Opponents of the plan - which had near universal medical backing - included Graham Stringer, the council leader, who was hoping to be adopted (as he has been) as prospective Labour candidate in Blackley, the constituency which houses Booth Hall.

Yesterday he said opposition across all political parties in three local authorities to the Booth Hall closure "gave the lie" to suggestions that the parliamentary nomination influenced his stand. The fault lay with the health authorities for getting procedures wrong and failing to justify their proposals.

They may, however, now be revived. Yesterday's report - which follows the death of 10-year-old Nicholas Geldard, who died of a brain haemorrhage while being ferried between four hospitals in an attempt to find a vacant intensive care bed - makes clear they would not have saved the boy's life.

But the report states bluntly that "the time for talk" over reorganising the services is "over", that continuing uncertainty is hitting recruitment and morale, and that action to end the present split of specialist children's services on different sites must be taken "as soon as possible".

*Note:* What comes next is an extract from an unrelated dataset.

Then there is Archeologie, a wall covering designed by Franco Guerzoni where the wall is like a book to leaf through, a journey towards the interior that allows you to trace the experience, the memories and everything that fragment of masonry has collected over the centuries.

However, Dr Ian Greatorex, chief executive of Salford Health Authority, said there remained "serious difficulties" in getting agreement on reorganising services between three health commissions (authorities), 10 NHS trusts whose services could be affected, five community health councils and three local authorities. "We felt the solution we were seeking may not have been the best possible solution, but that it was the only feasible way at the time of improving the services."

The saga - which began a decade ago, with the Booth Hall closure emerging as the favoured option last year - showed the difficulty of planning in the city, he said. Local opposition to loss of a service was understandable, he said, even though the change would improve services for all children in the region. "It is not easy to win the argument that a local hospital closure would be to the benefit of all children right across the region when local people still see it as a valued local hospital being taken away".

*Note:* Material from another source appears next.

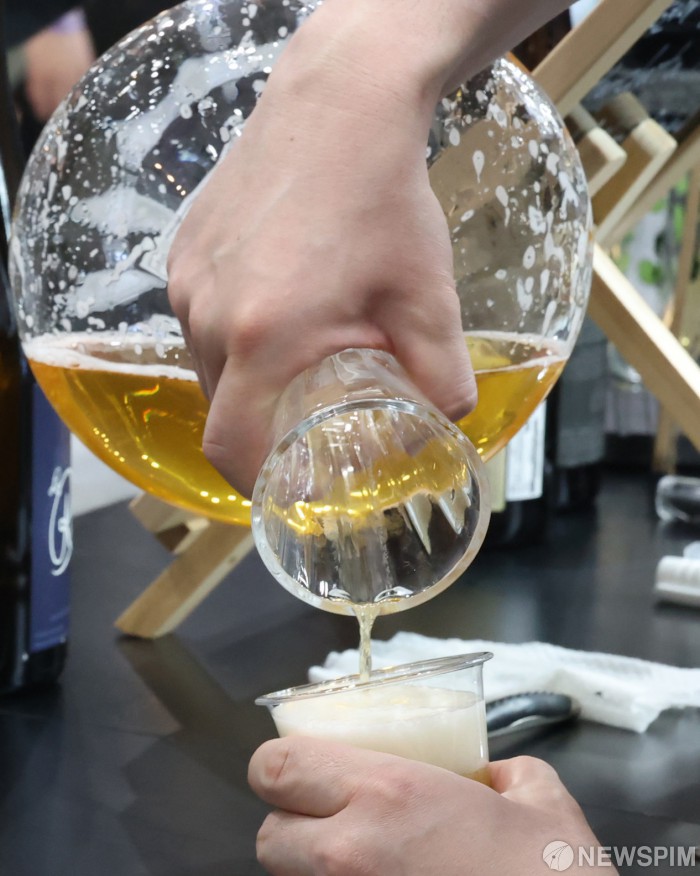 [서울=뉴스핌] 이호형 기자 = 제7회 대한민국 맥주박람회& 드링크서울이 10일 서울 강남구 코엑스 B홀에서 열린 가운데 한 맥주 부스서 방문객을 위해 시음 맥주를 따르고 있다. 2025.04.10 leemario@newspim.com

With so many players involved, the division between purchasers and providers had not helped, he added, although agreement had been no easier to reach when reorganisation was first proposed in 1985 before the NHS reforms.

Despite yesterday's report, a solution may remain elusive. Mr Stringer said some reorganisation of services was needed, but the council still rejected the idea of one "super hospital" for children or the closure of Booth Hall.